I went out for breakfast this morning -- by myself -- and on the way home, decided to stop by the grocery to pick up a some things, like a bottle of sesame oil for tonight's stir fry. I traveled through the store briskly, remembering that my husband had requested cookies and that I needed a bottle of sunscreen.
I was walking with my cart through the produce section when I heard a woman call out, "Melissa!" Naturally, I didn't respond. Because my name is not Melissa. How was I to know that she was summoning me? She said again, more urgently, "MeLISSA!" and I still didn't turn around. Finally, at the end of her patience, she yelled "MUUUUH - LIH - SUUUUUUUUUUUUH!" and grabbed me by the shoulder.
I whirled around and looked at her and she immediately dropped her hand from my person, abashed. "Oh, I am so sorry," she said. "I....thought you were my daughter."
"I'm honored," I said politely.
"There's my daughter, up there," she said, suddenly seeing a young woman at the deli counter. "You look a lot like her."
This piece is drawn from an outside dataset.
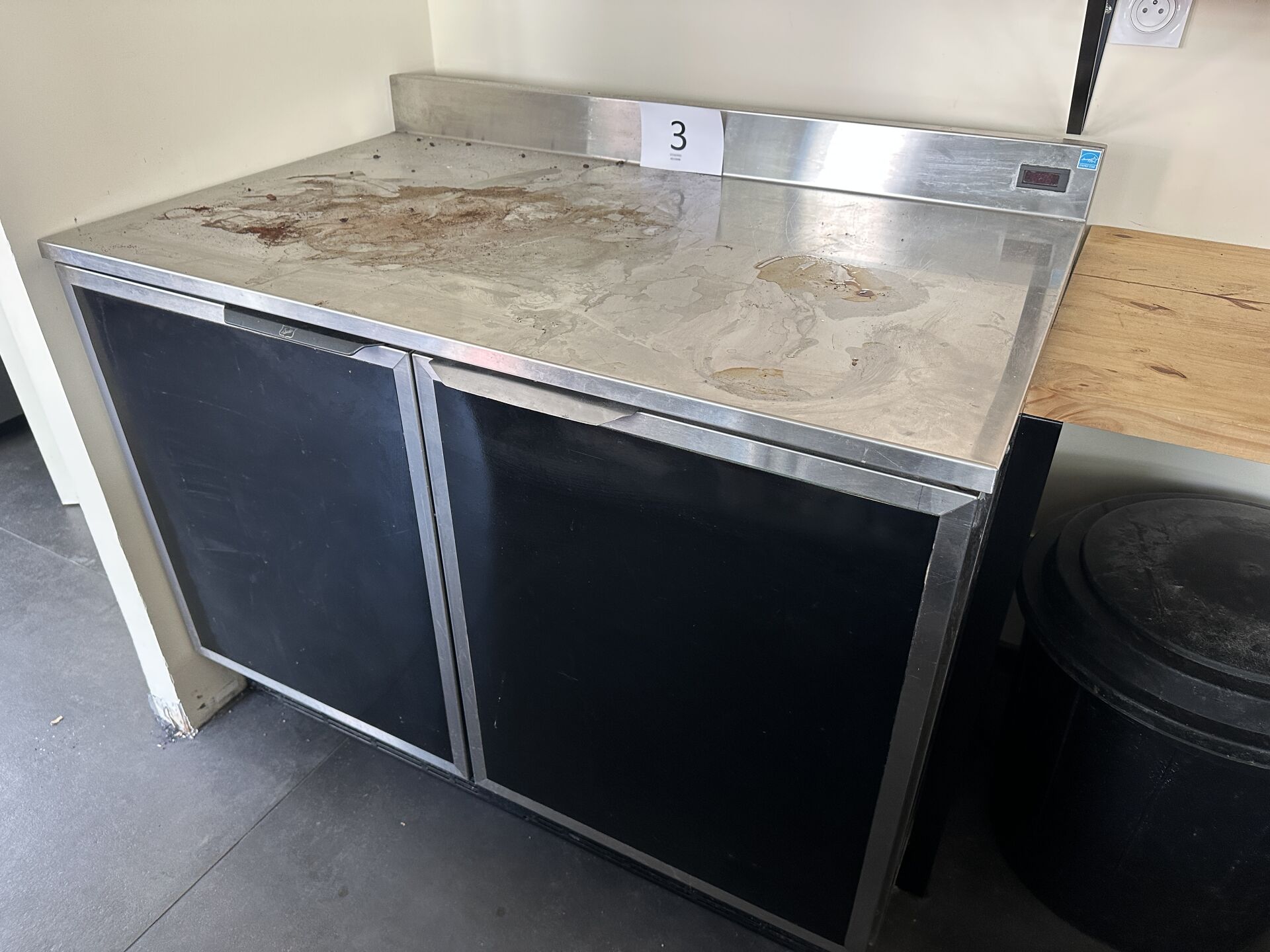 1 saladette DUKE plaque inaccessible (150 x 86 cm) porte vitrée sur le dessous, plaques téflon...

I eyed the person at the deli counter and felt pleased because she did appear to be in her twenties and I....well, I'm older than that. A lot. But the thing that made me want to start giggling was the fact that this woman and her daughter were both African-American. I mean, I do have a pretty dark suntan, seeing as how it's August and all, but still. Melissa, buying some potato salad, was a very pretty cafe au lait color and I am a brunette and we were both - *ahem* - full figured women.
But still.
It was pretty funny.
Melissa's mom evidently thought it was kind of funny, too, because laughter spurted out of her and she patted me and walked off. I sincerely hope she wasn't laughing because she was all, "Now that I'm up close, how could I ever have thought that this old cow was my baby?" and thinking how she and Melissa would scream with amusement as her mother pointed me out to her on another aisle and oh, well. Some days are just like that.
When I got to the check-out stands, the lines were enormous. I had too many items to get in the express lane (even though there was another brazen hussy standing there with enough groceries to feed a refugee camp for about a month, looking belligerently around as if daring anyone to mess with her.) I was about six carts back in a slow, slow line when another store employee came out of the customer service area and said, "If some of you would like to step over to line ten, please?"
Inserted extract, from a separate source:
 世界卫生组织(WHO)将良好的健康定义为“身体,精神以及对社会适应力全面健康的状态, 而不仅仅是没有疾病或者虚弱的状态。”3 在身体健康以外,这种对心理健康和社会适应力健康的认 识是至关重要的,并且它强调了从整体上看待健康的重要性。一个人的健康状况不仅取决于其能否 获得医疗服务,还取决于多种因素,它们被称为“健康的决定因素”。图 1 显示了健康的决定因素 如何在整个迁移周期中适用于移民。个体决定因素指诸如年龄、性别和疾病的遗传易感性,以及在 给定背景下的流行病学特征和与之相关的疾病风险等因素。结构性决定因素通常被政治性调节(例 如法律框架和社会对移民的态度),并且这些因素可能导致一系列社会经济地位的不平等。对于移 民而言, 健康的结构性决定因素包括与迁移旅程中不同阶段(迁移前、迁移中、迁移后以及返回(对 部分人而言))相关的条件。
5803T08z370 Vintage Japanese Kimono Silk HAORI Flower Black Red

I stepped over rather briskly and so did a lady from another line. She was in front of me and had a whole enormous cart full of food, so I resigned myself to a slightly shorter wait and began filling out my check. Suddenly, I became aware that she was talking to me.
"I'm sorry?" I said, looking up from my checkbook.
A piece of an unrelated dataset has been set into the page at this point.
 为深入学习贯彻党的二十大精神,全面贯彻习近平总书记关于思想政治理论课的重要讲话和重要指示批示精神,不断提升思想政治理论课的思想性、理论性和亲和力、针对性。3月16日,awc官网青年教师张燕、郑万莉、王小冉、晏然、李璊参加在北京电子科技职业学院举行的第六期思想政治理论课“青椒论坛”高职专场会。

"I said, 'Look at all this food I'm buying,'" she repeated. "I only came in here for about three or four things."
"That's easy to do," I said, thinking of my own days when "a few items" could suddenly add up to seventy dollars worth of impulse buying.
"I got some good deals, though," she remarked, gesturing to her bulging cart. "Like this ham. See this ham?"
"Yes," I said, obediently looking at the package of ham she was holding up.
"This ham was on sale, $2.49 for the pound."
"That was a good deal," I said, smiling one of those smiles that is friendly, but doesn't necessarily encourage further social discourse.
"You should buy you some of this ham," she persisted, fixing me with a stare with an intensity worthy of an evangelist.
Taken aback, I said, "Oh, no....that's okay."
"Seriously. You should buy some."
"No, really. I'm fine."
"I'll hold your place for you while you go get it. It's right back there, in that refrigerated bin by the lunchmeat and hot dogs."
I thought about the pound of sliced ham sitting serenely at home in my refrigerator and wondered if it would be worth it to buy more ham, just to get her off my back. I decided not to. "I really don't need any ham," I said pleasantly.
She raised her eyebrows and looked at me incredulously. "What? Don't you like ham?"
Is there some rule I don't know about? Some heretofore unnamed law that states that if you shop at Lane Bryant, you must like ham?
"I like ham," I said with a touch of frost in my voice. "But I don't want to buy any."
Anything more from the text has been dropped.